Konzert in der Tonhalle in Düsseldorf Symphonische Luft von einem anderen Planeten

Düsseldorf · Die ukrainische Dirigentin Oksana leitete das jüngste „Sternzeichen“-Konzert.

 Der spanische Oboist Ramón Ortega Quero.

Der spanische Oboist Ramón Ortega Quero.

Foto: Susanne Diesner

Auf dem Programmheft-Foto scheint Oksana Lyniv auf einen Gegner loszugehen: Der Dirigierstab piekst gebieterisch nach unten, in die Stirn gräbt sich eine Zornesfalte, und die feuerrote Schärpe um die Taille stünde auch einem Torero gut. Holla, denkt man, mit dieser Dirigentin ist vermutlich nicht zu spaßen?

Aber wenn Lyniv dann leibhaftig die Bühne betritt, staunt man nicht schlecht: Die zierliche Erscheinung mit der kerzengraden Haltung einer Ballerina wirkt eher sanft, und die rote Bauchbinde über frackschlichtem schwarzen Ensemble ist offenbar ihr Markenzeichen. Die ukrainische Dirigentin Oksana Lyniv gehört zu der wachsenden Zahl weiblicher Pultstars, die langsam aber sicher die männliche Dominanz am Pult der bedeutenden Orchester unterwandern. In der Tonhalle unterstreicht sie insbesondere in der zweiten Konzerthälfte eine außergewöhnliche analytische Souveränität, die man in der ersten Hälfte bereits ahnt.

Das Programm dieses „Sternzeichen“-Konzerts liest sich sperrig, obwohl es einen roten Faden behauptet („Musik in Zeiten des Krieges“, was aber nur für zwei der drei Werke gilt). Ausschließlich Kompositionen des 20. Jahrhunderts kommen zu Gehör, und Intendant Michael Becker ist in seinen einführenden Worten stolz darauf, dass die Tonhalle trotzdem beinahe ausverkauft ist.

Den Anfang macht ein Mitbringsel aus der Ukraine, die Tanzsuite aus der Oper „Der Goldene Reif“ von Boris Lyatoschynsky, ein hierzulande unbekannter Komponist, für den Lyniv sich besonders einsetzt. Das klanglich aparte Werk dekliniert allerdings recht konventionell folkloristische Klischees von Persien bis China durch, wartet mit einigen Knalleffekten auf und ist so schnell vergessen, wie der Applaus verhallt. Dirigentin Lyniv imponiert aber hier bereits mit vibrierender Spannkraft und messerscharfer Zeichengebung.

Dann folgt Ralph Vaughan Williams’ Oboenkonzert, für das der aus Granada stammende Ramón Ortega Quero verpflichtet wurde.

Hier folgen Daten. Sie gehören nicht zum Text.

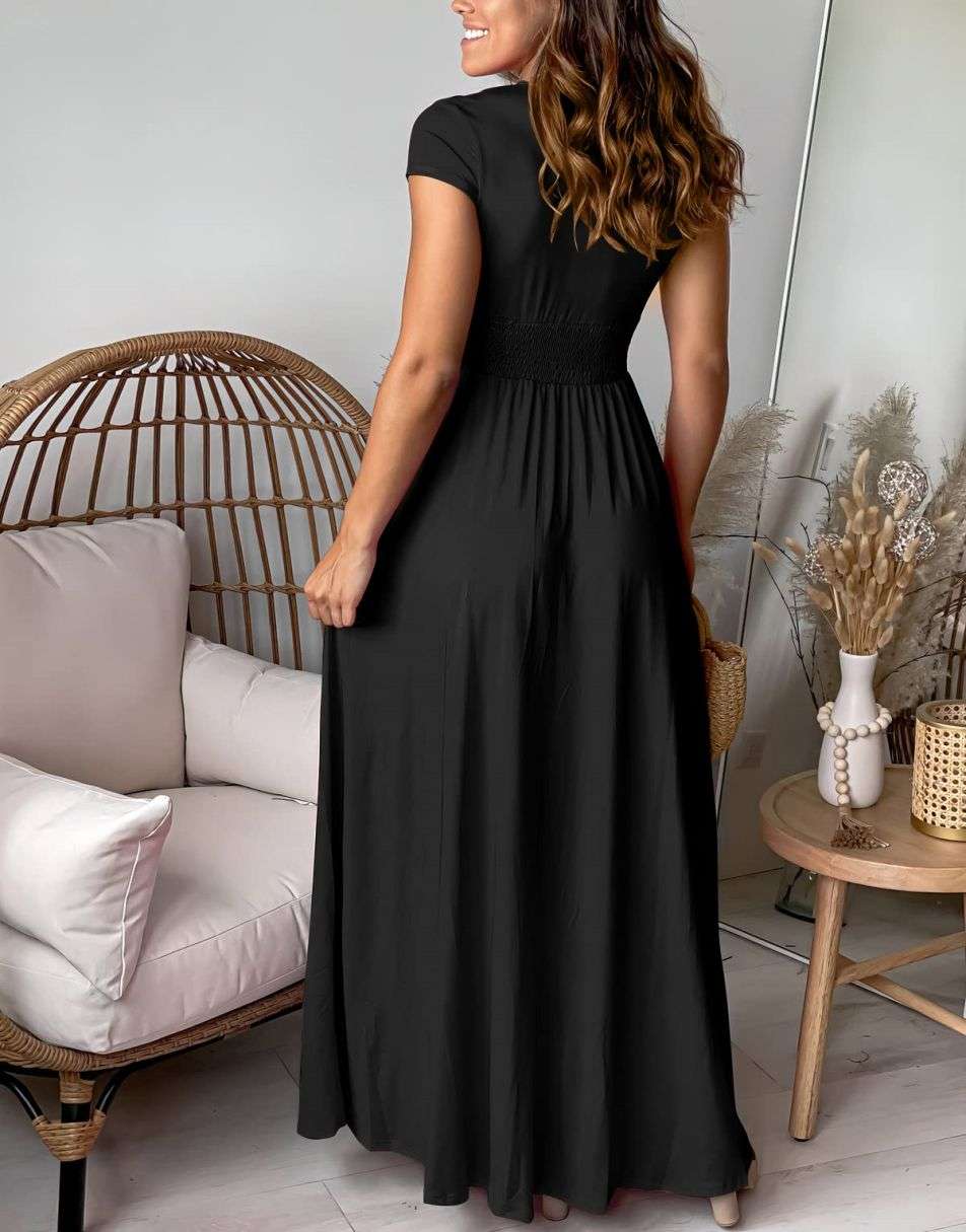 ANRABESS Deep V Neck Short Sleeve Slit Maxi Evening Dress
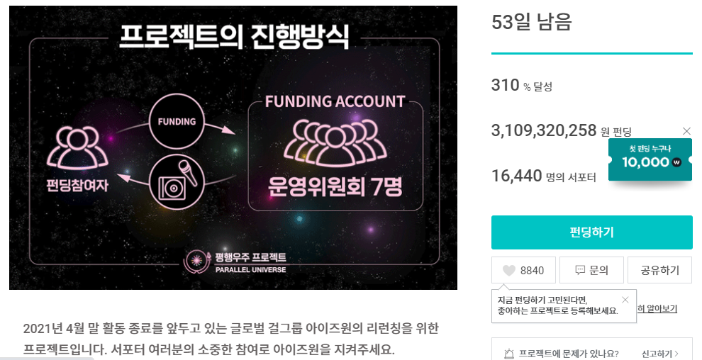 29일 현재까지 모금액은 벌써 30억원을 돌파했는데요. 아직 모금 기간이 54일이나 남은 만큼, 펀딩 금액은 더 늘어날 것으로 보입니다. 평행우주 프로젝트 운영위원회는 4월 27일, 각 멤버들의 소속사에 제안서를 발송했으며, 아이즈원 리런칭에 성공하면 소속사 측에 모금액을 전달할 예정입니다.
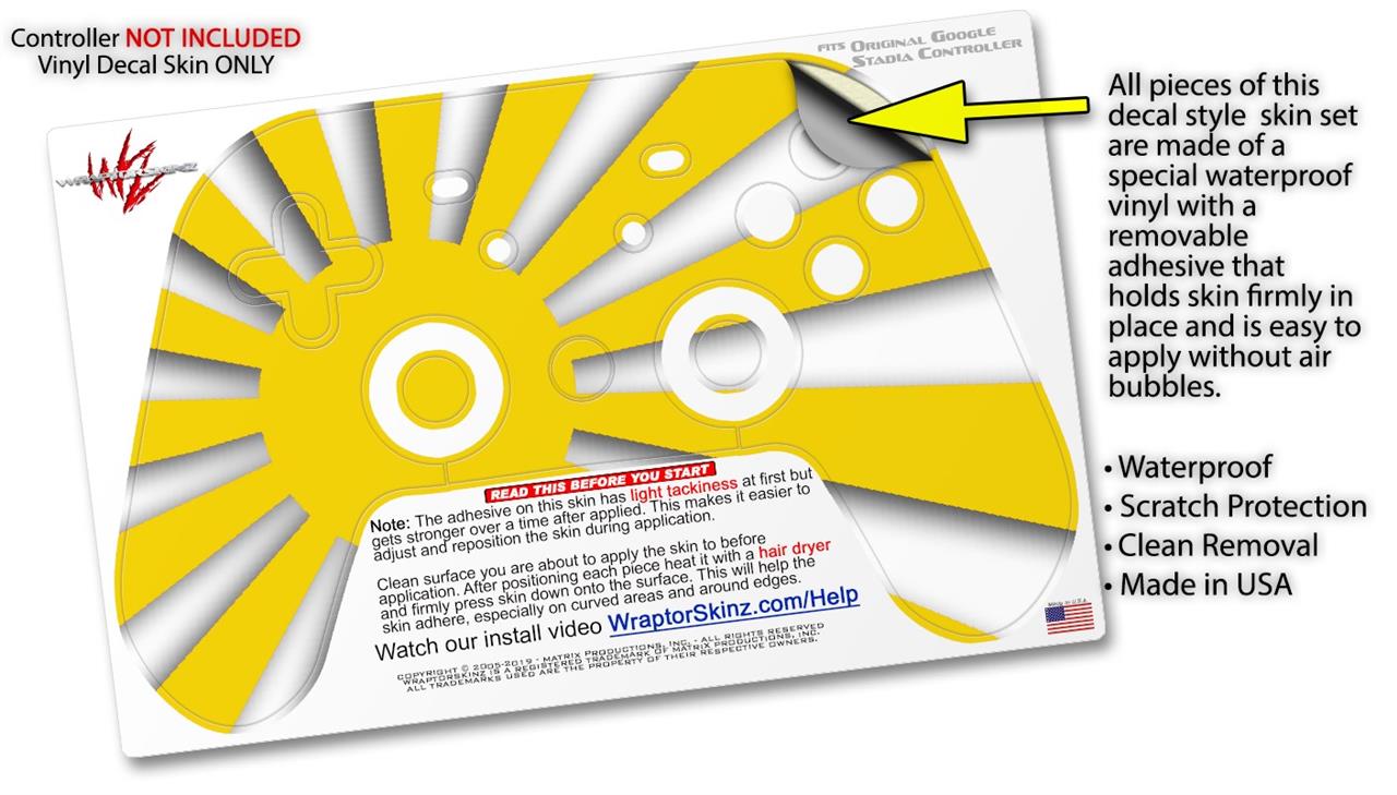 Skin Decal Wrap works with Original Google Stadia Controller Rising Sun Japanese Flag Yellow Skin Only CONTROLLER NOT INCLUDED
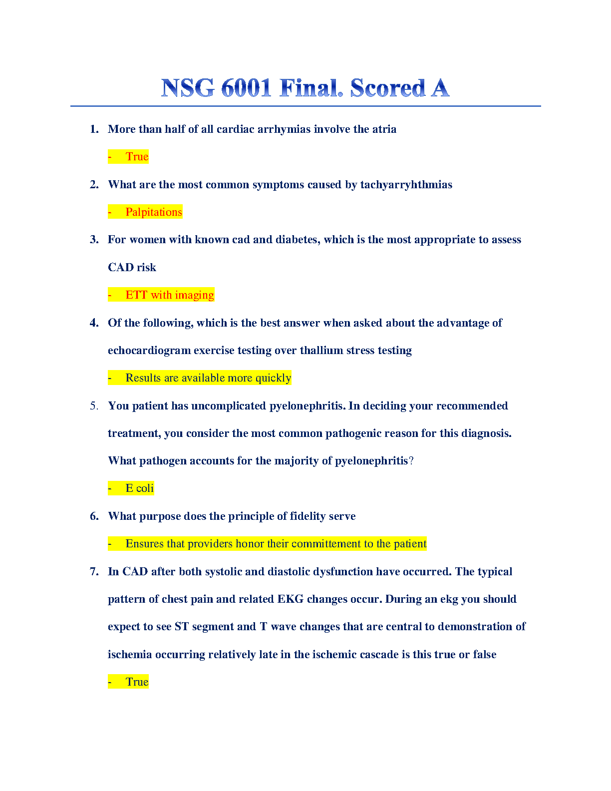 Ace your NSG 6001 final exam with this ultimate study guide for the 2025/2026 academic year. This resource is based on a real exam that scored an A, providing you with a comprehensive set of meticulously verified questions and 100% correct answers. Master key topics including cardiac care, tachyarrhythmias, CAD risk assessment, pyelonephritis, and more. Designed to help you understand complex concepts and pass your final exam with confidence on the very first try. Avoid resits and secure your top grade with this essential study companion.

Queros Ton leuchtet edel, sein Atem scheint endlos, und er zelebriert das pastoral mild gestimmte Werk in kaum durch Akzente unterbrochenem Legato. Das ist sehr schön musiziert, aber vielleicht etwas ereignislos, denn sein Spiel verweigert sich dem Gestischen, der plastischen Phrasierung.

Nach der Pause dann Bartóks Konzert für Orchester. Schon in den ersten Takten weht „Luft vom anderen Planeten“ bannend durch den Saal. Lyniv organisiert Bartóks höllisch komplexe, hoch expressive und rhythmisch vertrackte Partitur mit maximaler Kontrolle frappierend luzide, baut enorme Spannungsbögen, überrascht aber immer wieder mit weit ausholenden, den Klang entfesselnden Gesten.

Die Symphoniker sitzen auf der Stuhlkante, liefern insbesondere in den stark geforderten Bläser-Fraktionen Erstklassiges und sind spürbar eingenommen von Oksana Lyniv. Großer Jubel, keine Zugabe.